Time Complexity: O(n²)
- The outer loop runs n times (where n is the length of nums).
- The inner loop also runs close to n times in the worst case.
- Hence, the overall time complexity is dominated by the nested loops, resulting in O(n²).
- Calculating the number of set bits for each number takes O(n) time in total (as bin(num).count('1') is O(1) since the integers are limited to a maximum of 8 bits as per the constraints).
- Sorting the array at the end takes O(n log n) time. However, this is dominated by the nested loops. This bubble-sort like algorithm is done inplace.
Space Complexity: O(n)
- The arr list stores tuples containing set bit counts and original numbers, using O(n) space.
- sorted_nums also requires O(n) space to store the sorted numbers.
- Therefore, the overall space complexity is O(n).

Edge Cases:

Empty Input:
- If the input list nums is empty, the function will still work correctly because the loops won't execute, and it will return True (since an empty list is considered sorted).
Already Sorted Array:
- If the input array is already sorted, the inner loops won't make any swaps, and the function will return True efficiently.

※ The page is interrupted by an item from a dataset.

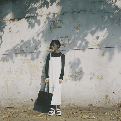 吊带叠穿法已经流行有一阵子了,还没学会的你,赶紧get起来! 【搭配Tips】 Tips1:颜色要有区别 打底衫一般选择白色的,吊带裙选择深色的,这样色差比较大的搭配,显层次! Tips2:材质要有区别 内穿的T恤和衬衫,外穿的背心选择质地选择质地轻盈又透气的,让视线能够落在的轻盈的背心上,显瘦! Tips3:选择宽松的背心 千万不要穿紧身的背心,那样不显身材不说,反而臃肿。 Tips4:大深V更时髦 通常都在疑惑这种大深V的吊带该怎么穿,现在可以里面搭配起一件衬衫or打底衫了。 【达人展示】

Array with Identical Elements:
- If the array contains identical elements (e.g., [2, 2, 2, 2]), the function will also return True because it's already considered sorted.
Array with Numbers Having Same Number of Set Bits but Cannot Be Sorted:
- An example is [3, 16, 8, 4, 2]. 3 has two set bits, 16, 8, 4, and 2 have one set bit. Numbers with one set bit can be rearranged between each other. The algorithm will correctly return False because even after optimally rearranging the numbers with one set bit, we can't sort the array.
Large Input Array:
- The algorithm's O(n²) time complexity might be a concern for very large input arrays (approaching the constraint limit of 100). However, the constraints are small enough that an O(n²) solution is acceptable.